Over the course of the year, I have lost some friends and I know some people say that if they stop talking to you or don’t talk to you as much they aren’t your real friends. But here’s the thing there are people who are placed in your life for a short time and some for a long time. I do feel that things have changed with a lot of people but that happens. I miss them but there isn’t anything I can do about it. We all get busy with life and responsibilities. There are people who I still wish I had a chance to meet before I move but I know that with my chronic health problems that has made it hard to do that. It’s not my fault that I’m chronically ill and all I can do is move on. There will always be positive and encouraging people around to support me. I have reconnected with people I knew in high school and that connection has helped me with forgiving others and rebuilding those friendships.
I understand that I will be moving forward to something large with this move.
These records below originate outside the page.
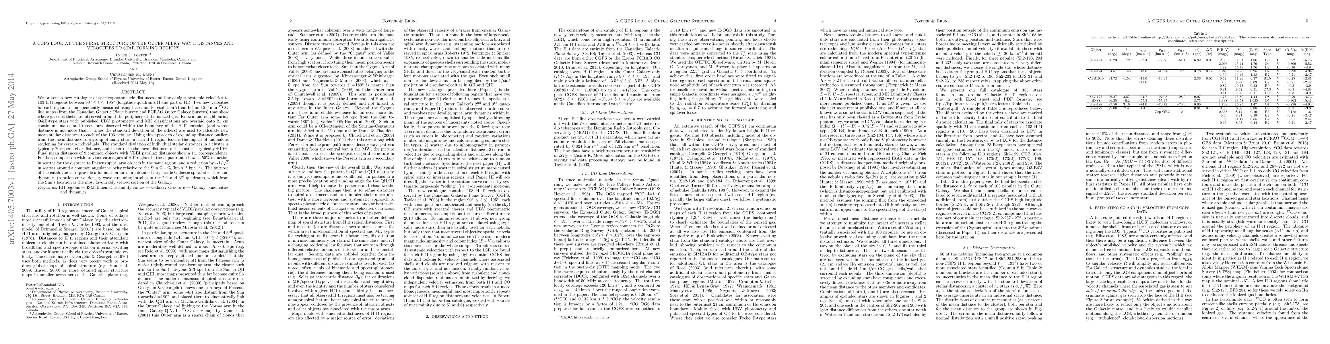 The paper presents a new catalogue of distances and velocities for 103 HII regions in the Milky Way's outer quadrants II and III. Utilizing the Canadian Galactic Plane Survey and FCRAO Outer Galaxy Surveys, the study measures velocities and calculates distances using nearby OB-type stars. The method excludes outlier distances, reducing scatter in distance measurements for Perseus spiral arm objects by 50%. This work lays the groundwork for detailed studies on Galactic spiral structure and dynamics in these quadrants.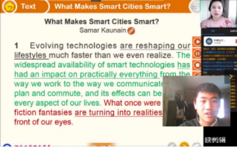 线上课堂实施:为了增加感染力,李燕老师会面带微笑,抑扬顿挫的进行讲解。为了激发起学生学习的动力和爱国热情,课前时政新闻中设置了中国速度”“逆行者等话题。正式课程开始,首先进行主题导入,关键知识点主要采用了直接扼要的讲授法,让学生最高效率的掌握重点内容; 通过练习法对重难点进行操练:使用随机连麦提问、互动面板,进行口述和翻译任务;通过活动帮助学生对所学内容深刻理解:使用视频连麦展示学生的课堂演说活动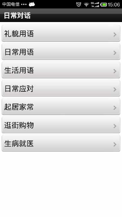 2、包含日常对话、生活杂事、常识应用、交际应酬等大类,每个大类下有各个场景的小类,清晰的分类更加便于掌握和使用不同场景下的词汇和语句。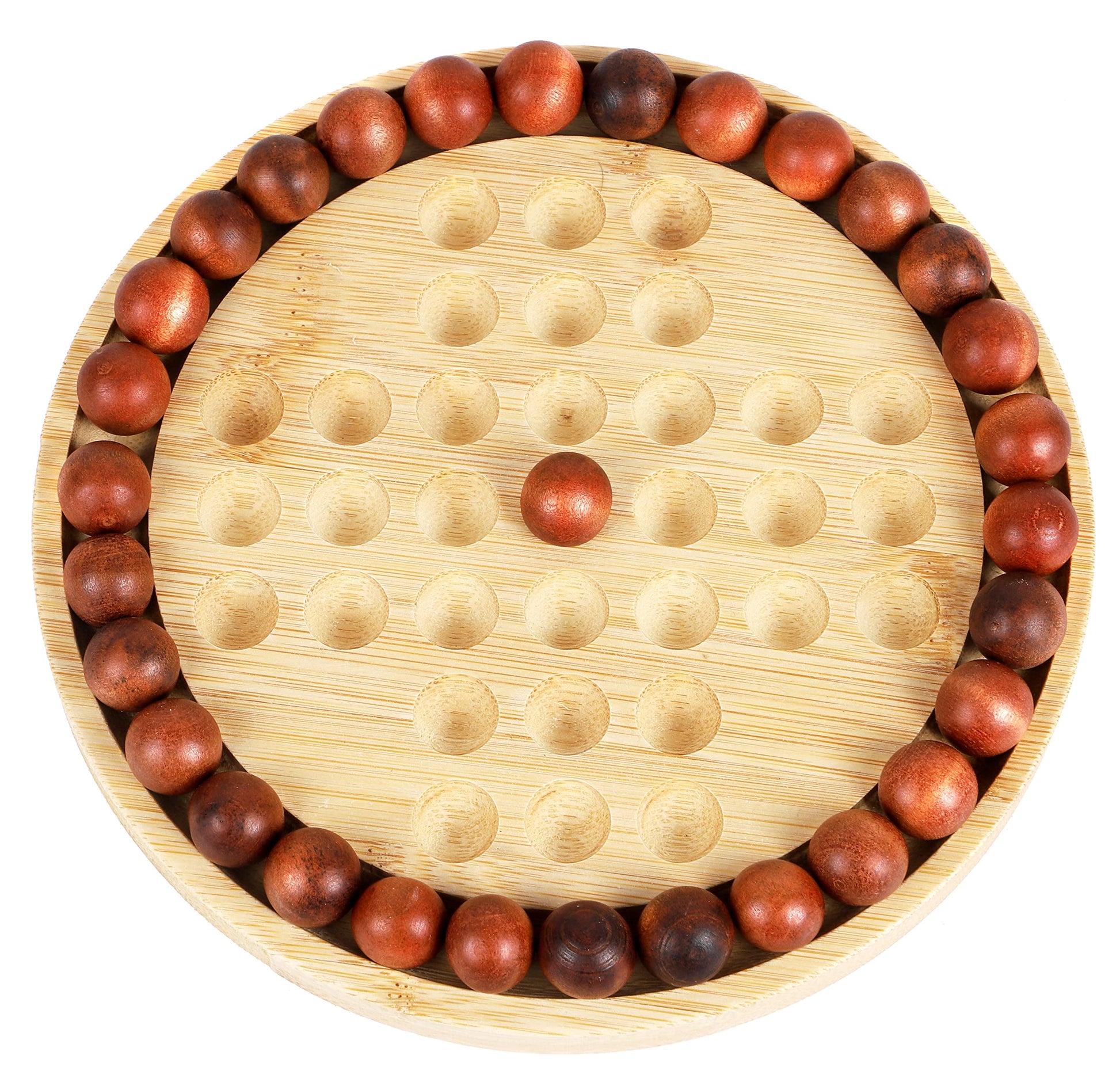 TOWO Wooden Solitaire Game -Peg Solitaire Puzzle Toy - Classic Board Game Marble Chess Mind Game 22.5 CM 8.8 Round Board with

It’s huge! I have never moved this far, let alone out of the country. It was something that I had hoped that I wouldn’t have to do as I wanted to stay right here where I was born and raised. However, certain events did not work out and my only other choice was to move.
I admit I will miss participating in my few hobbies such as couponing and receiving good free stuff. So that means no more mail! I LOVE receiving mail. I’m working on changing that by getting involved with crafts while I’m living in my new home and swap out postcards and handmade cards with others worldwide. I know that I’ll be able to do crafts while I’m there as my fibromyalgia pain goes down a bit. I think it would help me to get through intense homesickness. I’m trying to fight through the changes my chronic illnesses have forced upon me. They have completely changed the way I react, and act with others. I’m fighting through all of that.
The great things of this year included visiting family and having family visit us too.
I somehow managed to enjoy the little things in life such as finding ways to make myself laugh and keep a positive outlook of my life.
I have lost over 30 pounds in the last few months and while I have some ways to go I’m very happy to see the changes. I can thank going into an old exercise fitness workout called Richard Simmons’ Sweatin’ to the Oldies and walking. I really want to get his new 3 DVD set as he has some exercises for people like me.
Seeing the NASA Space Shuttle Endeavour at the California Science Center. I got very emotional seeing the shuttle as I have watched it take off into space and land many times in my life. Space and exploration have always interested me.
Fight to keep a positive attitude and outlook. I may not have always succeeded but I remain hopeful even when hope seems hopeless. I know it’s not. I keep going through persevering.
Even right now I’m battling with the flu that has refused to leave my body which is nonstop fun with chronic illnesses. Despite all of this, I’m sitting up and trying to continuously move forward each day of my life.